# Task objective
For every entry, reproduce the wording exactly and omit any image it holds.

───── Available data ─────

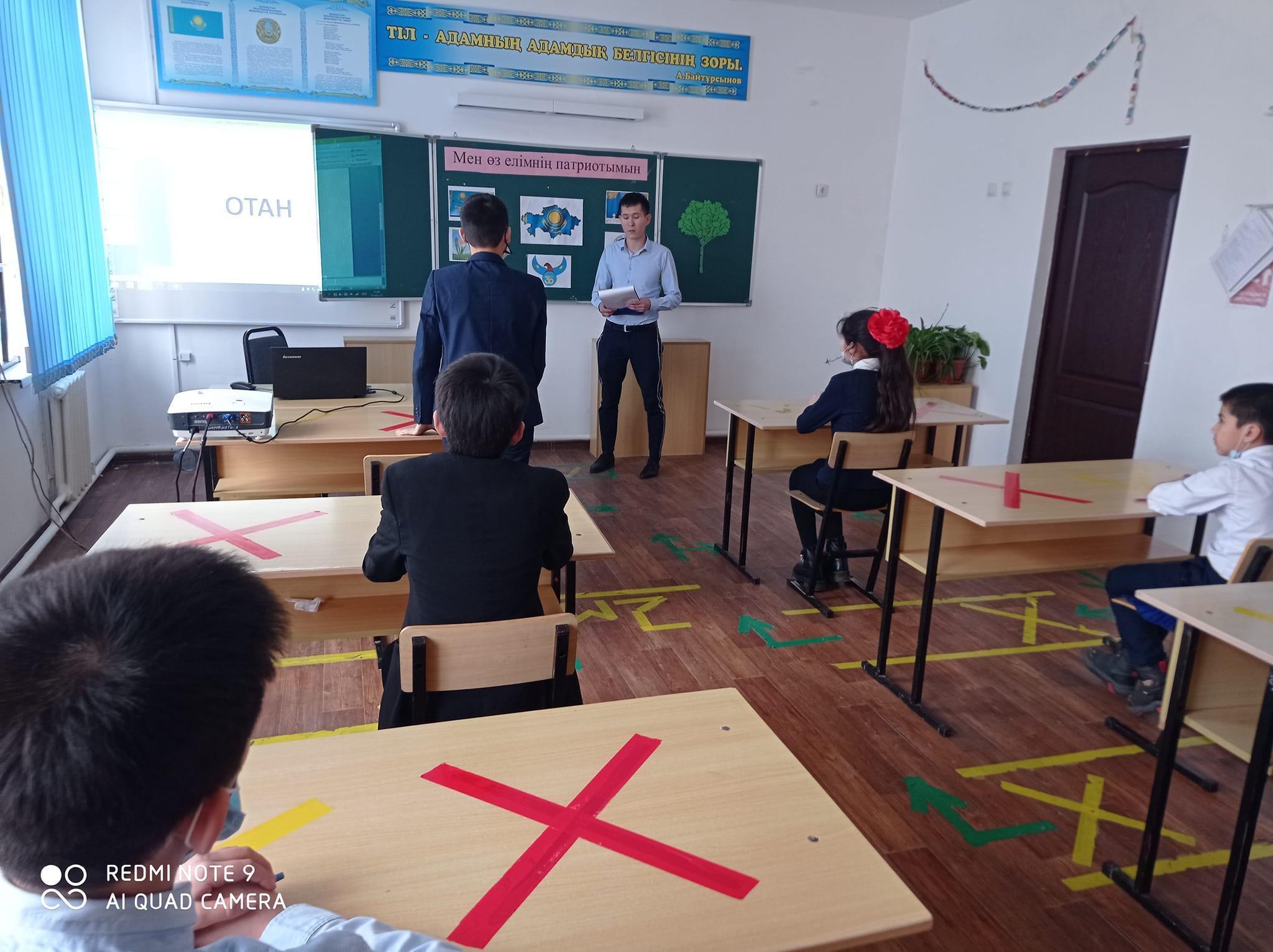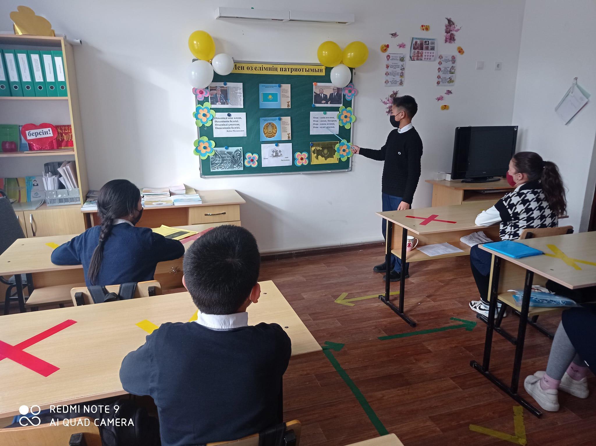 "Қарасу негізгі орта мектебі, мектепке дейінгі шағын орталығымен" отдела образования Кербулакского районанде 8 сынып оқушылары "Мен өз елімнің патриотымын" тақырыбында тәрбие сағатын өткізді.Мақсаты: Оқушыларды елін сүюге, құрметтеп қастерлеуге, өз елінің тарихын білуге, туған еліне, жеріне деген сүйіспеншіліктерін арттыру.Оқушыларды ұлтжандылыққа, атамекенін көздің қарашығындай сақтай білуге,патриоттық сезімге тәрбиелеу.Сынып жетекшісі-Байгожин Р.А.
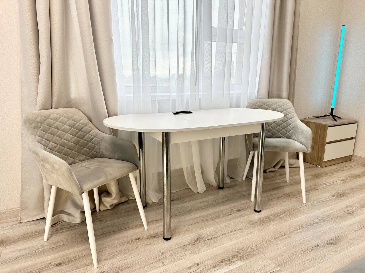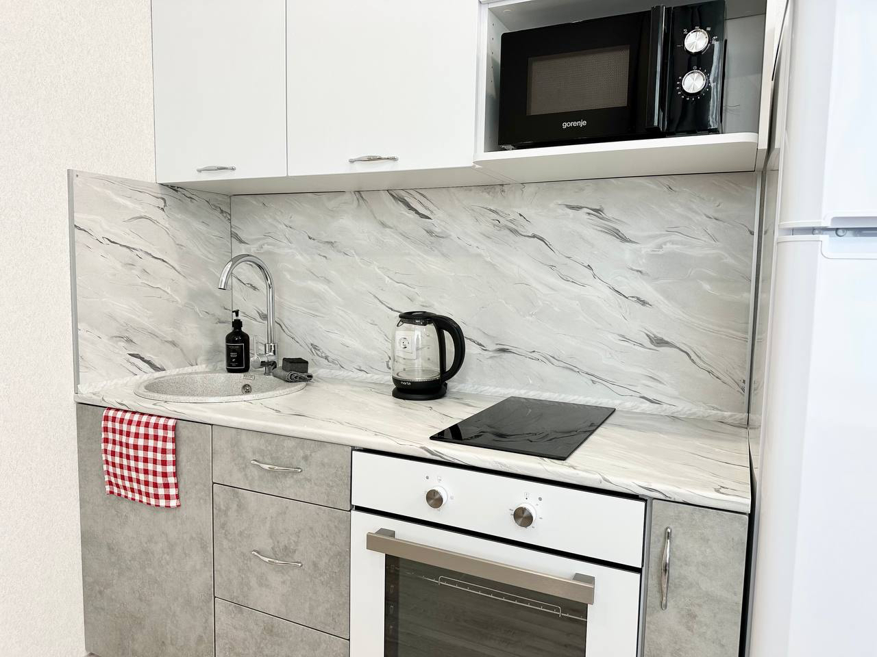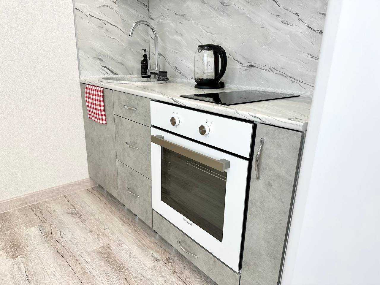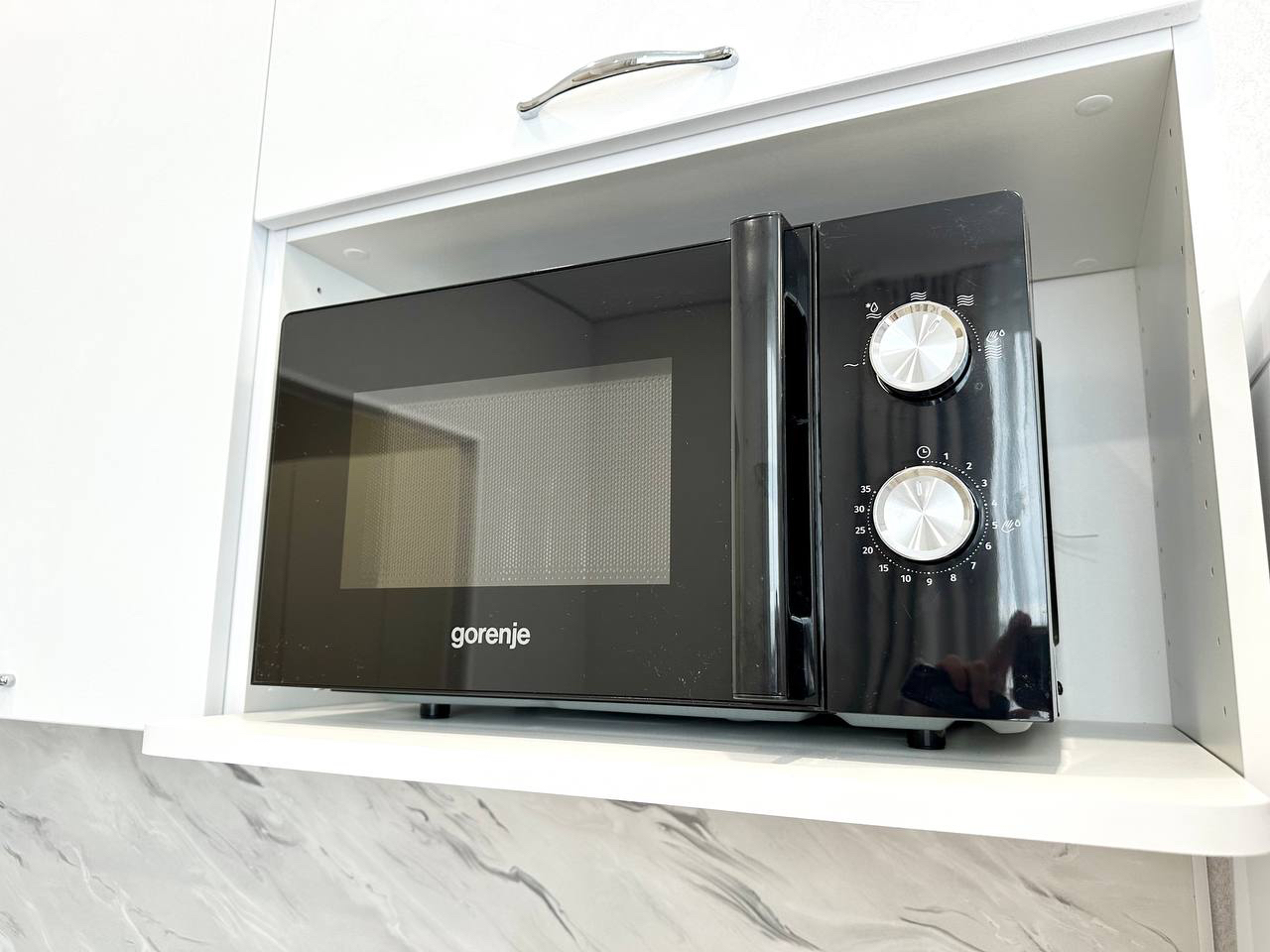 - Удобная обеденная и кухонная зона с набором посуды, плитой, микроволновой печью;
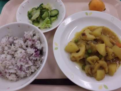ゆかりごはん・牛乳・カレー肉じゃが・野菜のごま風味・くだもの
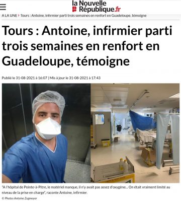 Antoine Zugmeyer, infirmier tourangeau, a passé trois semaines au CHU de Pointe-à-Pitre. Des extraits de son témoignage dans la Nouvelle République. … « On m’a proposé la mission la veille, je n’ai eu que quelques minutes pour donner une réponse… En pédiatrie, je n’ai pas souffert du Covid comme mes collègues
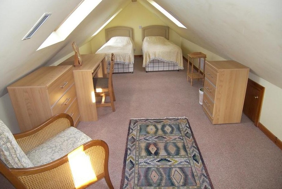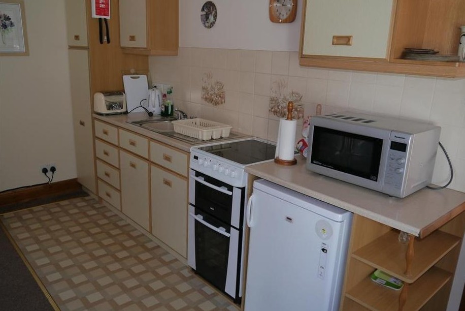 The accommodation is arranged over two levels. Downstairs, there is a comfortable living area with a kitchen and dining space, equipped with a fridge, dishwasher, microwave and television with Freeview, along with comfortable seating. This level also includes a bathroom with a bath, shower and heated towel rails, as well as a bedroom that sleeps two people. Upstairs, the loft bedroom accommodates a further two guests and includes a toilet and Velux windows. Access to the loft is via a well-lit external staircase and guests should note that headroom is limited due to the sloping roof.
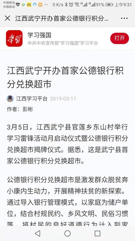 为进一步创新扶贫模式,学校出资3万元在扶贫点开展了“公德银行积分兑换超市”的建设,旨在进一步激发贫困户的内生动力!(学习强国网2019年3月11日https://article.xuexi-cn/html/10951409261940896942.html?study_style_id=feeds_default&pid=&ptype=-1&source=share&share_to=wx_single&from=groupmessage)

─────

# Task solution
 "Қарасу негізгі орта мектебі, мектепке дейінгі шағын орталығымен" отдела образования Кербулакского районанде 8 сынып оқушылары "Мен өз елімнің патриотымын" тақырыбында тәрбие сағатын өткізді.Мақсаты: Оқушыларды елін сүюге, құрметтеп қастерлеуге, өз елінің тарихын білуге, туған еліне, жеріне деген сүйіспеншіліктерін арттыру.Оқушыларды ұлтжандылыққа, атамекенін көздің қарашығындай сақтай білуге,патриоттық сезімге тәрбиелеу.Сынып жетекшісі-Байгожин Р.А.
 - Удобная обеденная и кухонная зона с набором посуды, плитой, микроволновой печью;
ゆかりごはん・牛乳・カレー肉じゃが・野菜のごま風味・くだもの
 Antoine Zugmeyer, infirmier tourangeau, a passé trois semaines au CHU de Pointe-à-Pitre. Des extraits de son témoignage dans la Nouvelle République. … « On m’a proposé la mission la veille, je n’ai eu que quelques minutes pour donner une réponse… En pédiatrie, je n’ai pas souffert du Covid comme mes collègues
 The accommodation is arranged over two levels. Downstairs, there is a comfortable living area with a kitchen and dining space, equipped with a fridge, dishwasher, microwave and television with Freeview, along with comfortable seating. This level also includes a bathroom with a bath, shower and heated towel rails, as well as a bedroom that sleeps two people. Upstairs, the loft bedroom accommodates a further two guests and includes a toilet and Velux windows. Access to the loft is via a well-lit external staircase and guests should note that headroom is limited due to the sloping roof.
 为进一步创新扶贫模式,学校出资3万元在扶贫点开展了“公德银行积分兑换超市”的建设,旨在进一步激发贫困户的内生动力!(学习强国网2019年3月11日https://article.xuexi-cn/html/10951409261940896942.html?study_style_id=feeds_default&pid=&ptype=-1&source=share&share_to=wx_single&from=groupmessage)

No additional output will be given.